[Data excerpts]
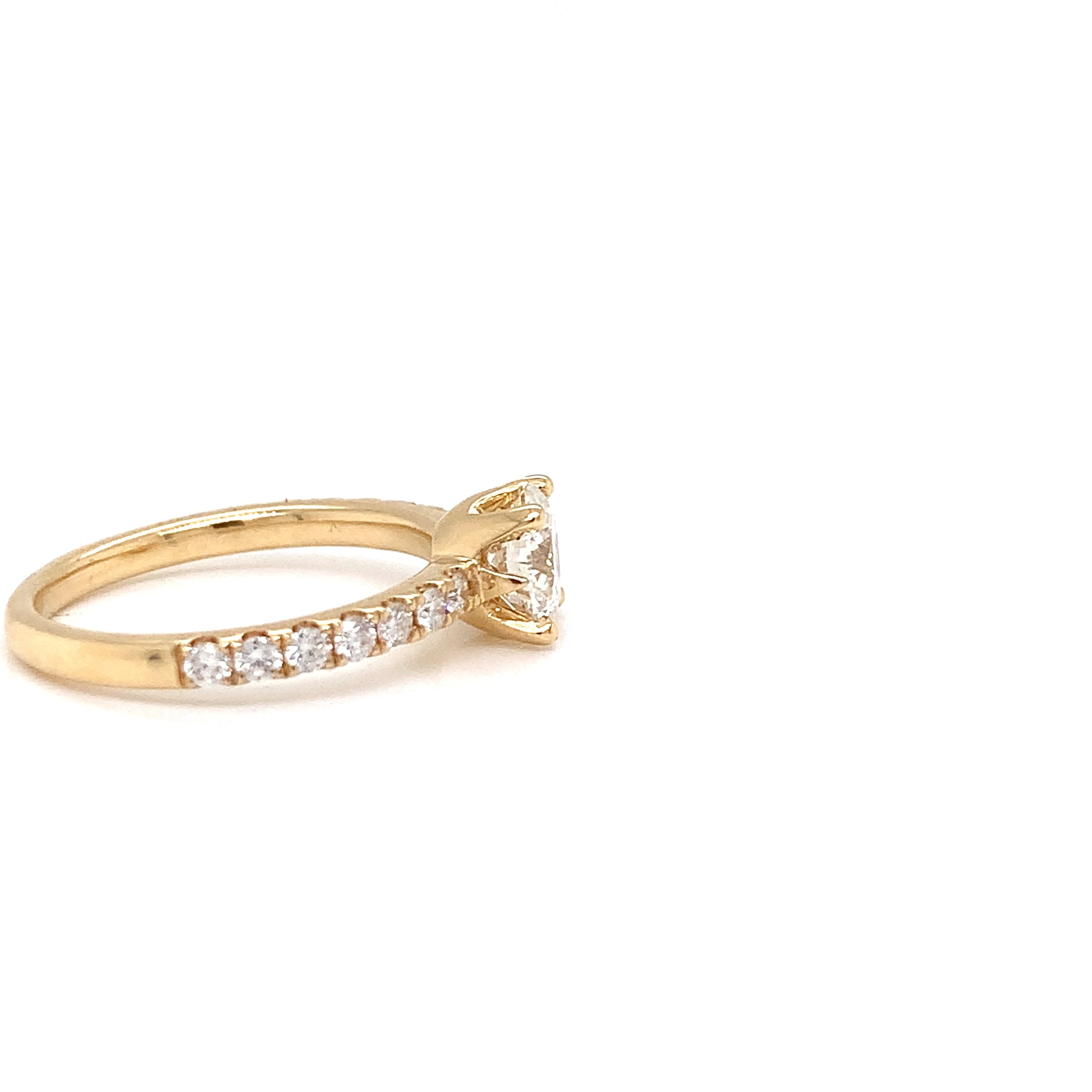 The 'Elita' ring presents a breathtaking 1-carat GIA certified round diamond, set within an ornate 18-karat yellow gold basket. Every detail speaks to refined taste, intricate metalwork frames the diamond with architectural precision, allowing light to dance through the stone while the warm gold enhances its radiance.
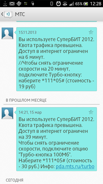 Меня этот МТС еще в прошлый приезд заколебал своими турбобитами-мегабитами. Я тариф не менял несколько лет, всегда спокойно пользовался Интернетом - с меня списывали деньги. Теперь через пять минут использования эти уроды блокируют Интернет и требуют через какие-то сообщения за какие-то деньги что-то там подключать. Поэтому я теперь в Москве в Интернет выхожу через модем Yota, который по крайней мере не требует ничего постоянно вводить и Интернет не отрубает.
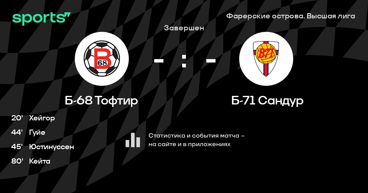 Filipovic - Юстинуссен, Гуйе, Højgaard, Хейгор, Poulsen - Poulsen, Langgaard, Кейта, Olsen - AndreassenЗапасные: Магнуссен, Joensen, Poulsen, Хейгор
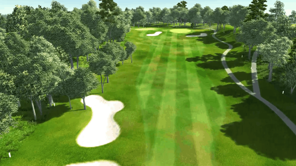 シミュレーションコースは、その再現性が非常に高いのが特徴です。木の位置やリアルな芝、バンカーの質感など細部まで忠実に再現されているため、実際の戦略を立てながら練習できる点が大きな魅力です。
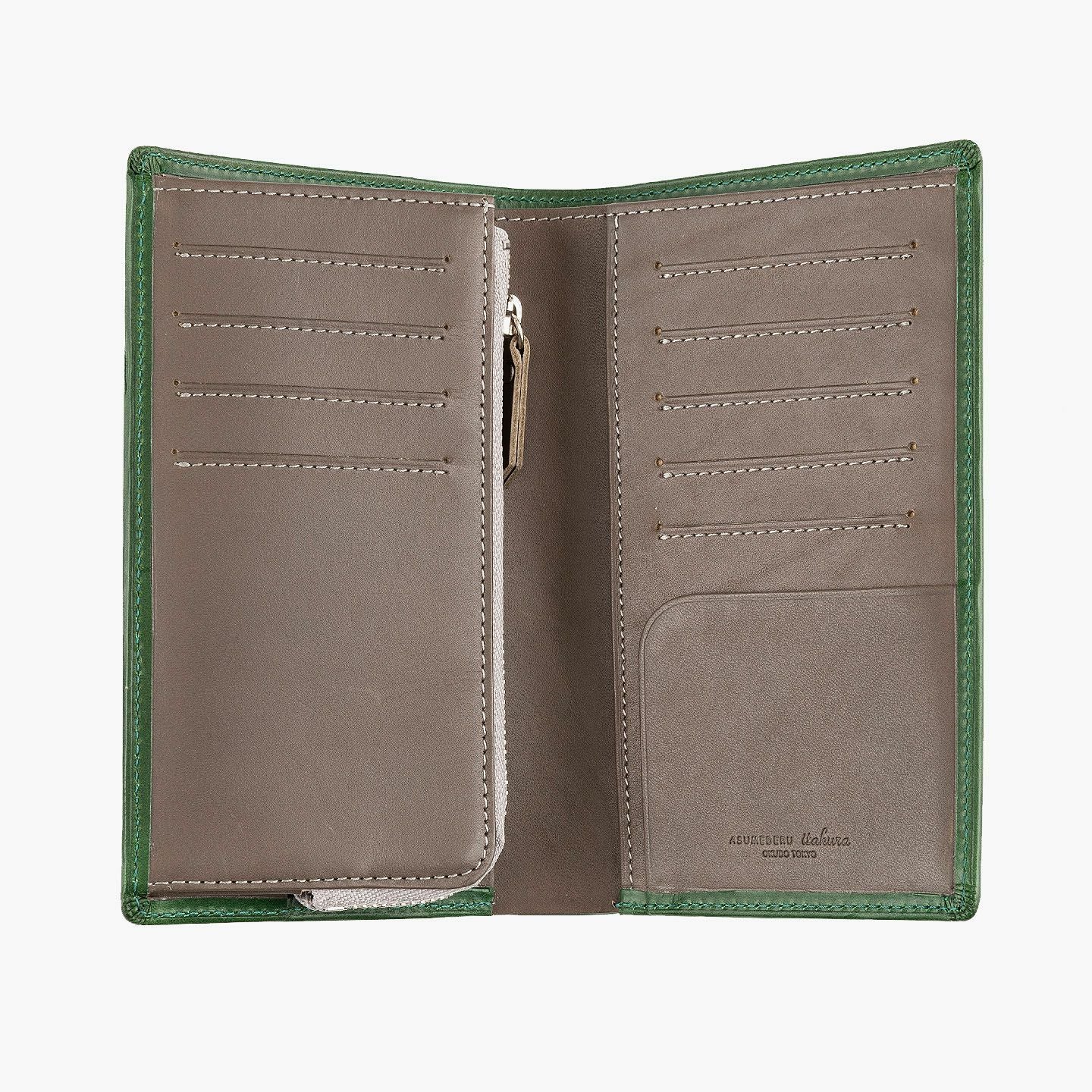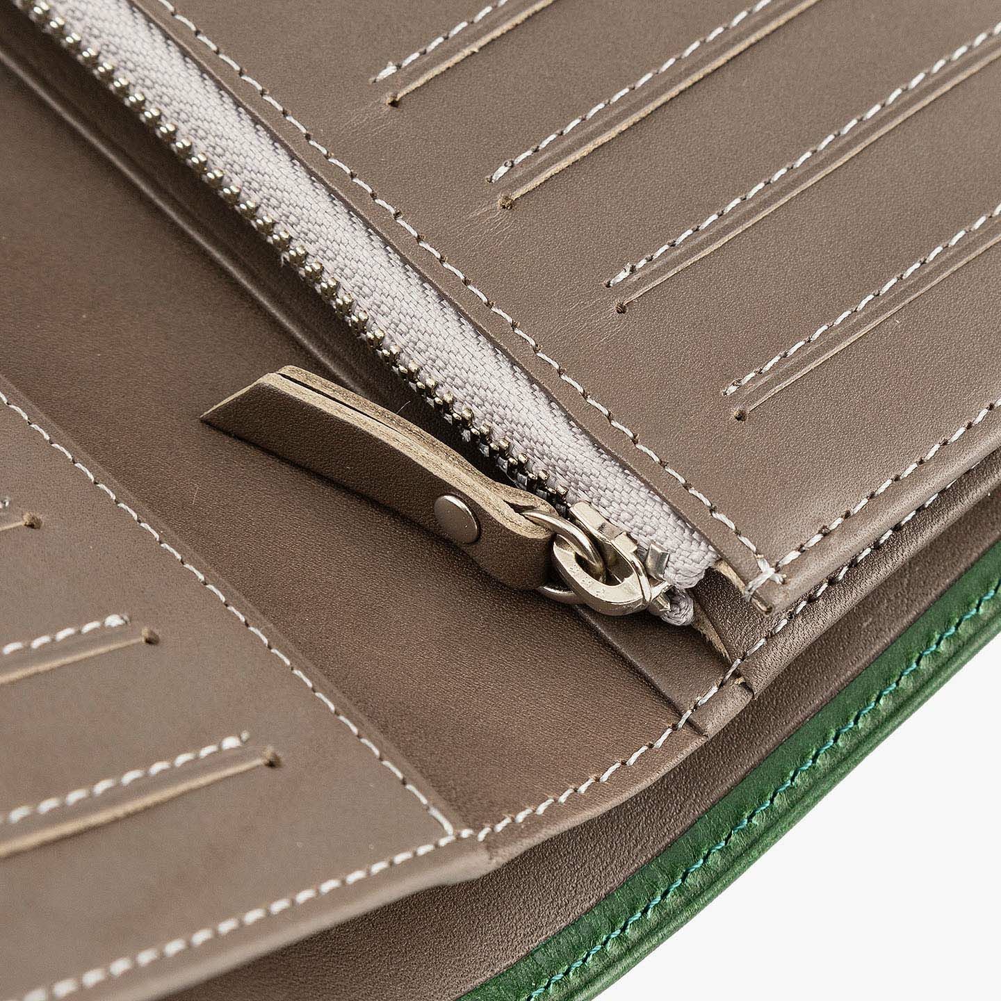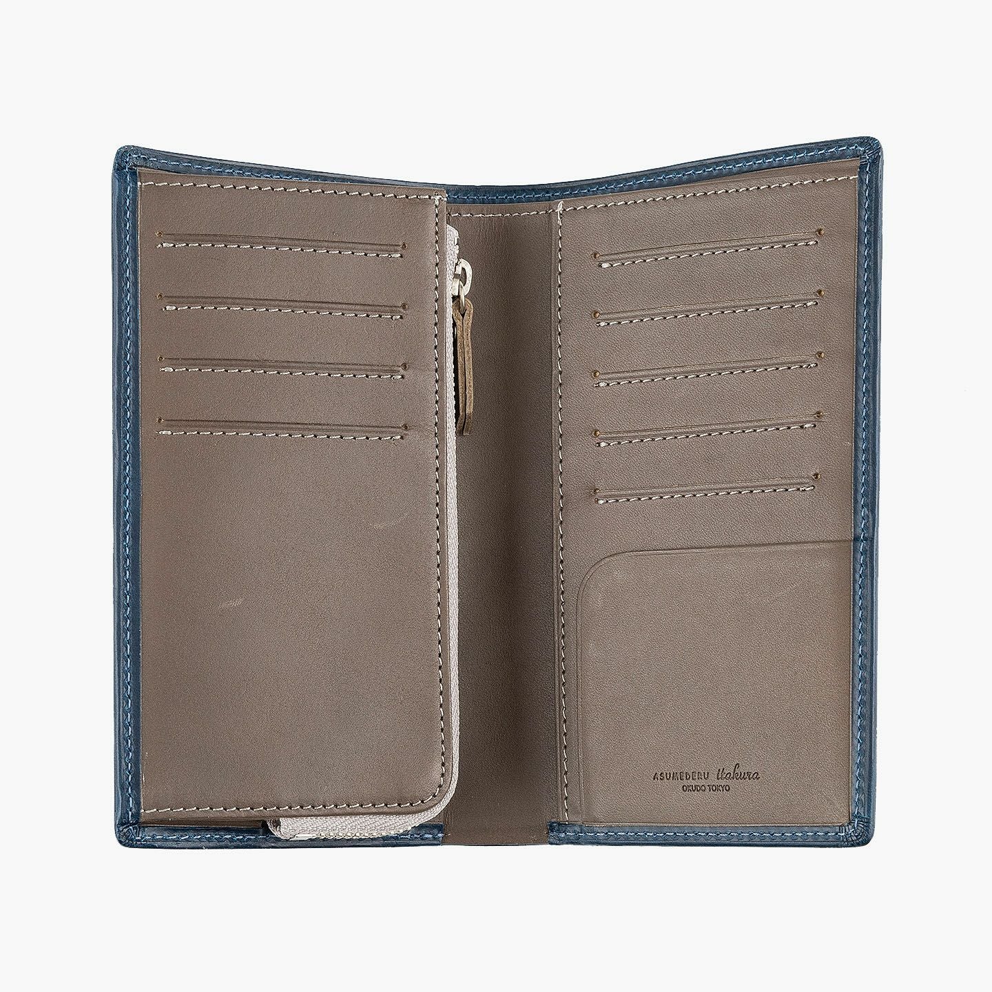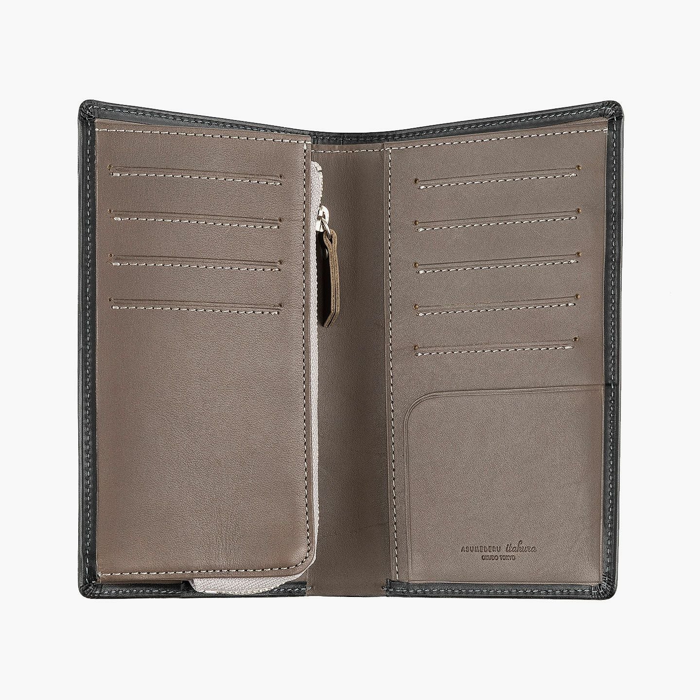 「楽しさ」「楽さ」をコンセプトに、自由で独創的なアイデアを実践し、財布をはじめ革製品の常識を変えていきたいブランド『ASUMEDERU』のミディアムウォレット。パンツのポケットへ絶妙に収まるサイズ感や、手帳や文庫本カバーを想わせるスタイリッシュなデザイン、ICカードの収納に適した切り込みフラップ付きポケットによる外装を、イタリア・ワルビエ社の最高級ヌメ革「ブッテーロ」が、新鮮なツヤ感で引き立てながら魅了。国産牛革「オイルダコタ」のグレーによる内装を、少しL字にさせて使いやすいファスナーポケットが、印象的なステッチラインとともにアクセントになり、感性あふれる大人感を創出してくれる。

> _THE PROBLEM_
Please repeat, exactly as written, only the lines from the line with "シミュレーションコースは、そ" to the end of the data, leaving out every picture.

> _SOLUTION FOR THIS EXERCISE_
 シミュレーションコースは、その再現性が非常に高いのが特徴です。木の位置やリアルな芝、バンカーの質感など細部まで忠実に再現されているため、実際の戦略を立てながら練習できる点が大きな魅力です。
 「楽しさ」「楽さ」をコンセプトに、自由で独創的なアイデアを実践し、財布をはじめ革製品の常識を変えていきたいブランド『ASUMEDERU』のミディアムウォレット。パンツのポケットへ絶妙に収まるサイズ感や、手帳や文庫本カバーを想わせるスタイリッシュなデザイン、ICカードの収納に適した切り込みフラップ付きポケットによる外装を、イタリア・ワルビエ社の最高級ヌメ革「ブッテーロ」が、新鮮なツヤ感で引き立てながら魅了。国産牛革「オイルダコタ」のグレーによる内装を、少しL字にさせて使いやすいファスナーポケットが、印象的なステッチラインとともにアクセントになり、感性あふれる大人感を創出してくれる。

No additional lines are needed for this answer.